**Task:**
Retype each line of the data below exactly, beginning with the first and ending with the one that contains "بكسر الميم وسكون". Pictures do not belong in the copy.

**Excerpted records:**
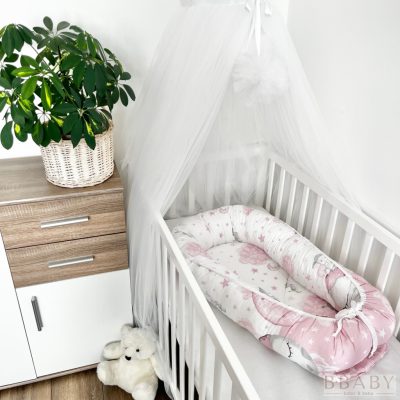 Az Álom Elefánt babafészek egy szeretetteljes és nyugalmat árasztó első kuckó a kisbabád számára. A rózsaszín alapon álmodozó kis elefántok és puha felhők megidézik a gondoskodó ölelést, amit a baba az anyaméhben érzett. Ez a meghitt, szűkített forma hozzájárul ahhoz, hogy kisbabád könnyebben megnyugodjon, mélyebben aludjon és biztonságban érezze magát – már az első naptól.
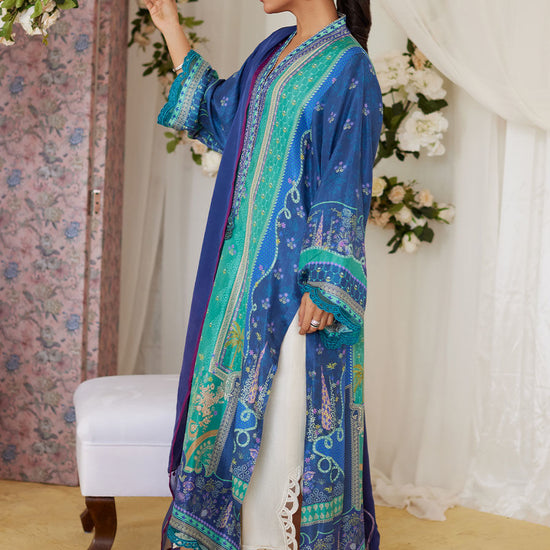 The captivating colour palette of this outfit makes it your ultimate solution to all occasions, big or small. Cut from pure raw silk boasting a luxurious fall the vibrant emerald green and lapis blue printed shirt is adorned with embroidery on the neckline and sleeves. The pure medium silk dupatta edged with organza makes this an inevitable show stopper. Pair with our pure raw silk izaar pants as shown for an unforgettable look!
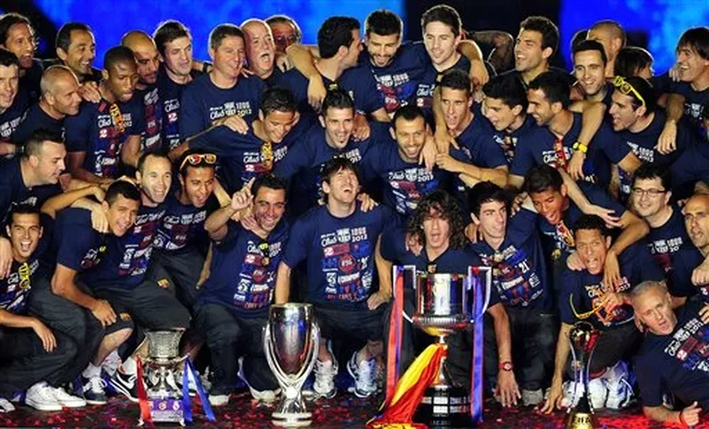El pequeño homenaje ha concluido con un castillo de fuegos artificiales y una foto de familia enfundados todos ellos en una camiseta conmemorativa, y junto a las cuatro copas de ha obtenido el Barcelona esta temporada: Supercopas de España y Europa, Mundial de clubes y Copa del Rey.
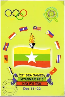 27th South East Asian Games was hosted by Myanmar and it took place in major cities like Naypyidaw, Yangon, Mandalay and Ngwesaung beach from December 11 to 22. Myanmar post commemorated the games by issuing the stamps, miniature sheet and commemorative postmarks of sport village. The sport village postmarks are documented in the previous blog post.
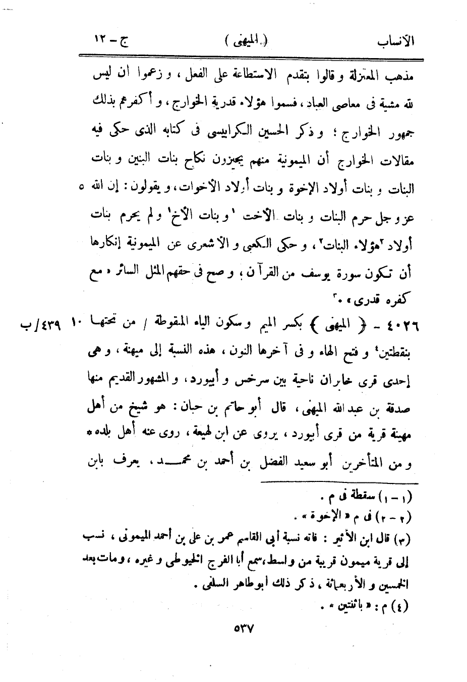 بكسر الميم وسكون الياء المنقوطة/ من تحتها بنقطتين [4] وفتح الهاء وفي آخرها النون، هذه النسبة إلى ميهنة، وهي إحدى قرى خابران ناحية بين سرخس وأبيورد، والمشهور القديم منها صدقة بن عبد الله الميهنى، قال أبو حاتم بن حبان: هو شيخ من أهل مهينة قرية من قرى أبيورد، يروى عن ابن لهيعة، روى عنه أهل بلده ومن المتأخرين أبو سعيد الفضل بن أحمد بن محمد، يعرف بابن
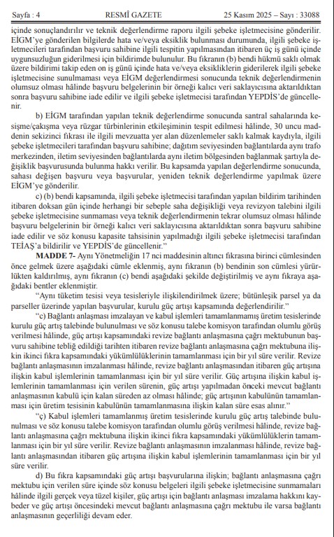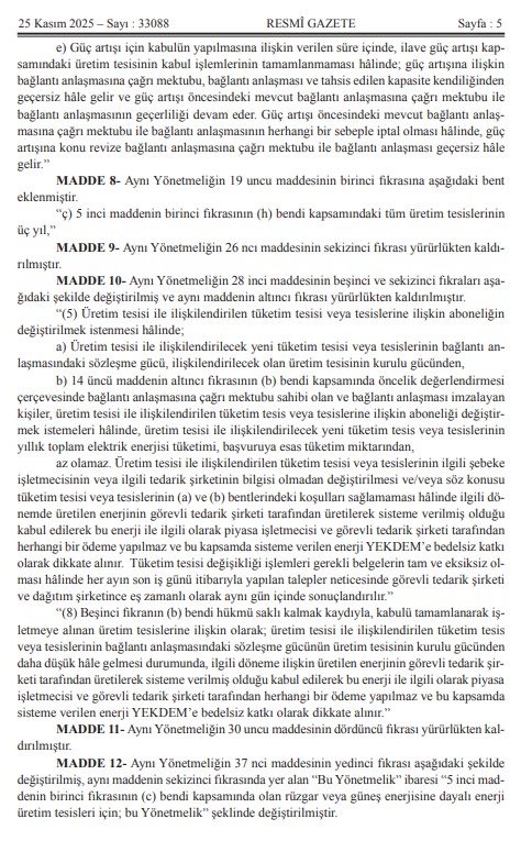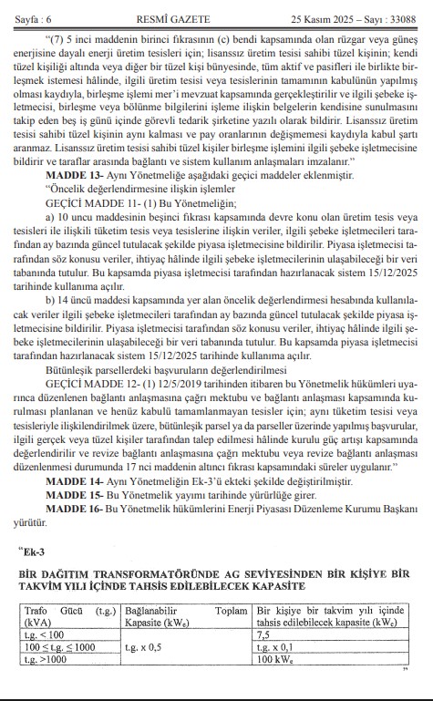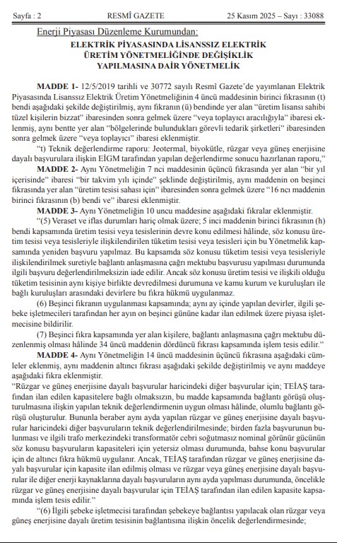 Kıymetli Üyelerimiz, Mevzuat Takip Sistemimiz bilgilendirmesine göre `Elektrik Piyasasında Lisanssız Elektrik Üretim Yönetmeliğinde Değişiklik Yapılmasına Dair Yönetmelik` 25.11.2025 Tarih ve 33088 Sayılı Resmi Gazetede yayımlanmıştır.
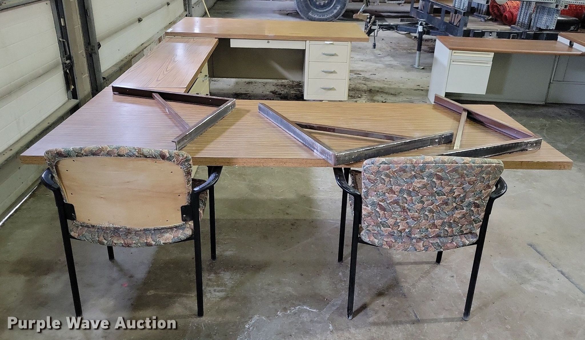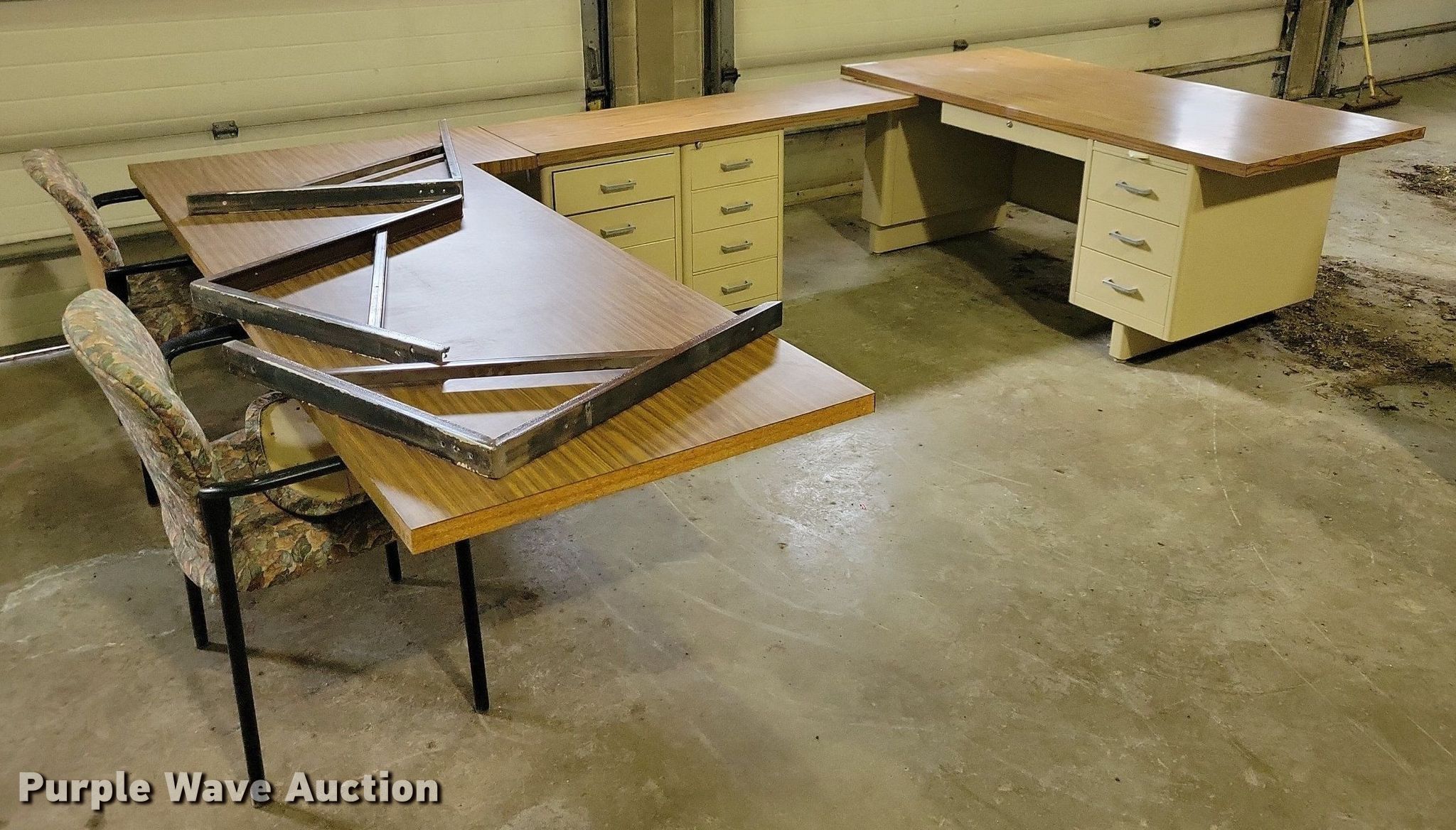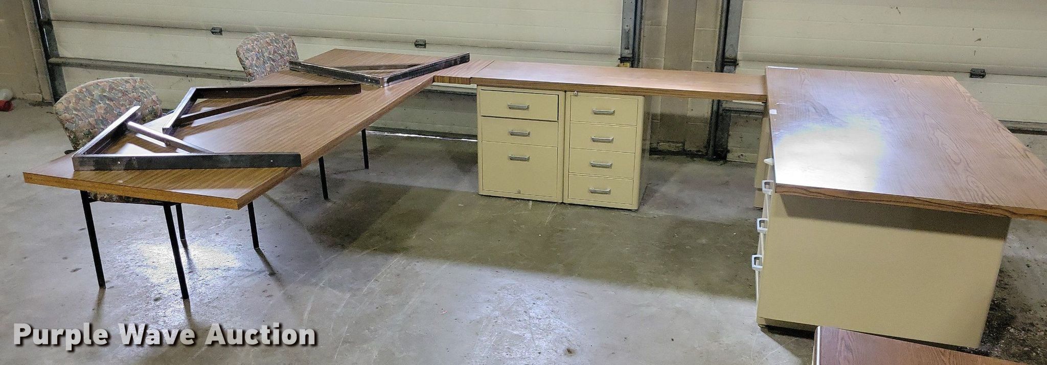Purple Wave is selling a used Office Supplies and Equip. in Iowa. This item is a Office supplies and equipment with the following: (2) chairs, (3) wall mounts, Storage drawers, U-shaped desk, 36" x 72", 18" x 60", 40"x 90", Storage cabinet
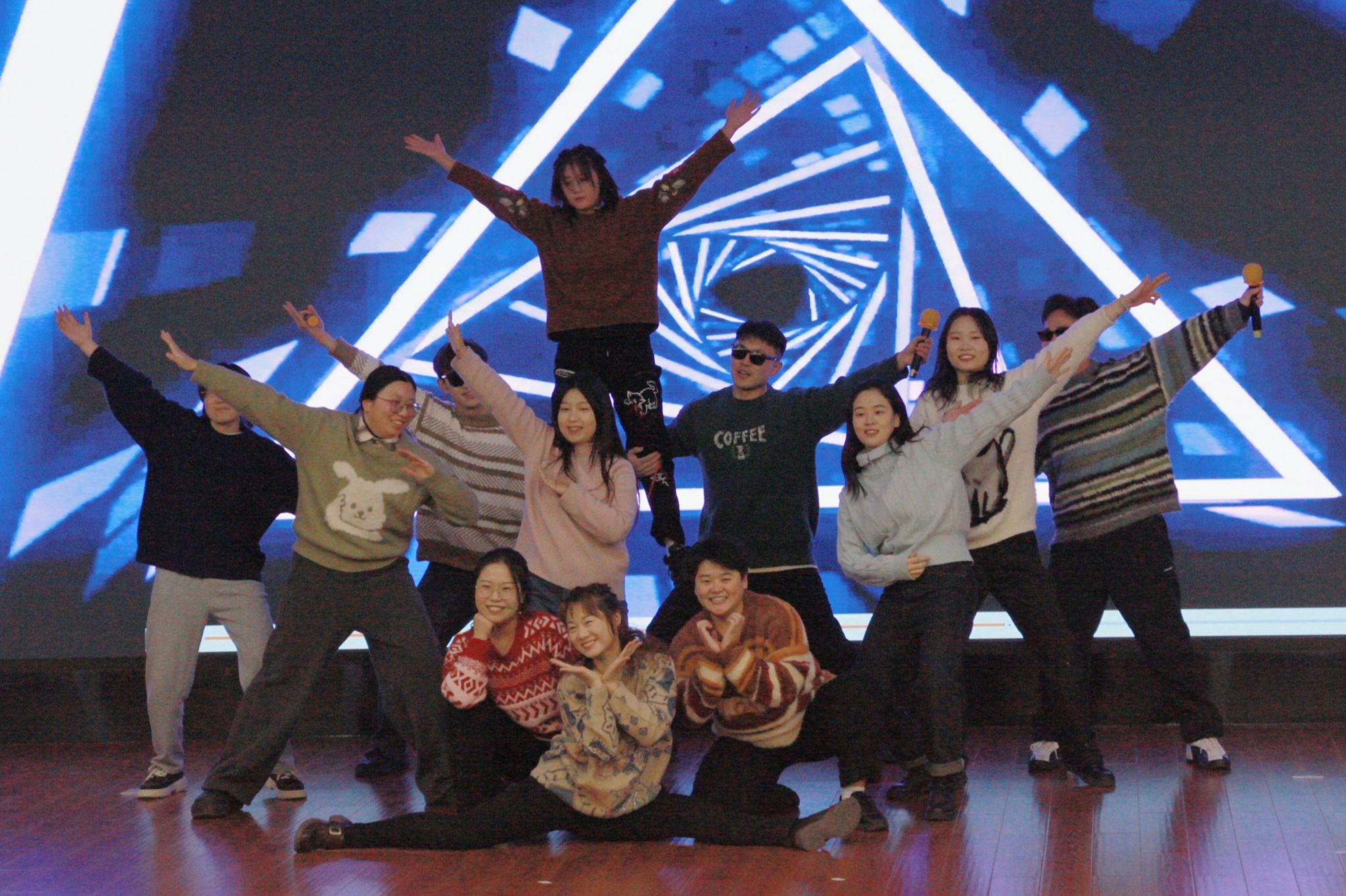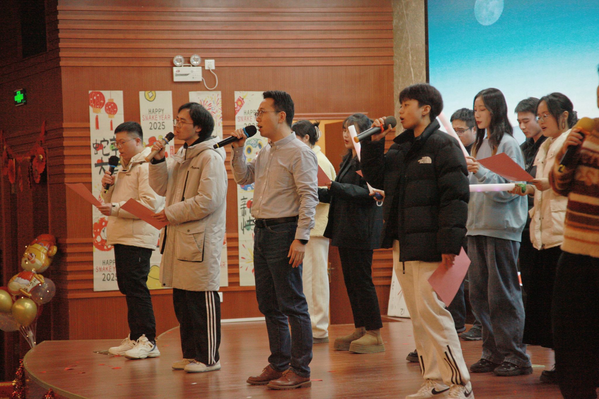 晚上7点,联欢会在2024年实验室的回忆视频中拉开帷幕。主持人闪亮登场,隆重宣布晚会正式开始。陈颖钰老师和员工带来舞蹈《你要跳舞吗》,以其欢快至极的节奏和充满激情的舞蹈,如同一把炽热的火焰,瞬间点燃现场的气氛。紧接着,短剧《研究生的名义》用幽默诙谐的方式围绕“学术诚信”这一主题,生动展示了“学术有道,诚信为本”的重要性。博一和博二研究生联合带来的配音秀更是引得观众爆笑不止,演员们用《激战江南》和《甄嬛传》的经典片段作脚本,混合运用普通话和各地方言,惟妙惟肖地演绎了员工们在组会进展汇报中未准备PPT,情急之下拷贝一个3kb文件的尴尬。舞蹈串烧《CONO+大哥大》充满活力,再次点燃了现场热情。王铎和职工陶飞(Taufik)深情合唱《月亮代表我的心》惊艳全场。歌舞《恭喜发财》将晚会的新年喜庆氛围推向高潮。2024届新生演绎的小品《时间都去哪了》,生动诙谐且妙趣横生地讲述了员工们难以抗拒手机诱惑,让时间在不经意间悄然流逝而陷入无法完成导师布置任务的纠结与挣扎之中的情景。张磊老师和博士团队带来的大合唱《不要慌,太阳下山有月光》以饱含情感的治愈嗓音将这首鼓励人们在困境中保持希望、相信未来美好的歌曲演绎得淋漓尽致,深深触动了在场每一个人的心弦。

**Answer box:**
 Az Álom Elefánt babafészek egy szeretetteljes és nyugalmat árasztó első kuckó a kisbabád számára. A rózsaszín alapon álmodozó kis elefántok és puha felhők megidézik a gondoskodó ölelést, amit a baba az anyaméhben érzett. Ez a meghitt, szűkített forma hozzájárul ahhoz, hogy kisbabád könnyebben megnyugodjon, mélyebben aludjon és biztonságban érezze magát – már az első naptól.
 The captivating colour palette of this outfit makes it your ultimate solution to all occasions, big or small. Cut from pure raw silk boasting a luxurious fall the vibrant emerald green and lapis blue printed shirt is adorned with embroidery on the neckline and sleeves. The pure medium silk dupatta edged with organza makes this an inevitable show stopper. Pair with our pure raw silk izaar pants as shown for an unforgettable look!
El pequeño homenaje ha concluido con un castillo de fuegos artificiales y una foto de familia enfundados todos ellos en una camiseta conmemorativa, y junto a las cuatro copas de ha obtenido el Barcelona esta temporada: Supercopas de España y Europa, Mundial de clubes y Copa del Rey.
 27th South East Asian Games was hosted by Myanmar and it took place in major cities like Naypyidaw, Yangon, Mandalay and Ngwesaung beach from December 11 to 22. Myanmar post commemorated the games by issuing the stamps, miniature sheet and commemorative postmarks of sport village. The sport village postmarks are documented in the previous blog post.
 بكسر الميم وسكون الياء المنقوطة/ من تحتها بنقطتين [4] وفتح الهاء وفي آخرها النون، هذه النسبة إلى ميهنة، وهي إحدى قرى خابران ناحية بين سرخس وأبيورد، والمشهور القديم منها صدقة بن عبد الله الميهنى، قال أبو حاتم بن حبان: هو شيخ من أهل مهينة قرية من قرى أبيورد، يروى عن ابن لهيعة، روى عنه أهل بلده ومن المتأخرين أبو سعيد الفضل بن أحمد بن محمد، يعرف بابن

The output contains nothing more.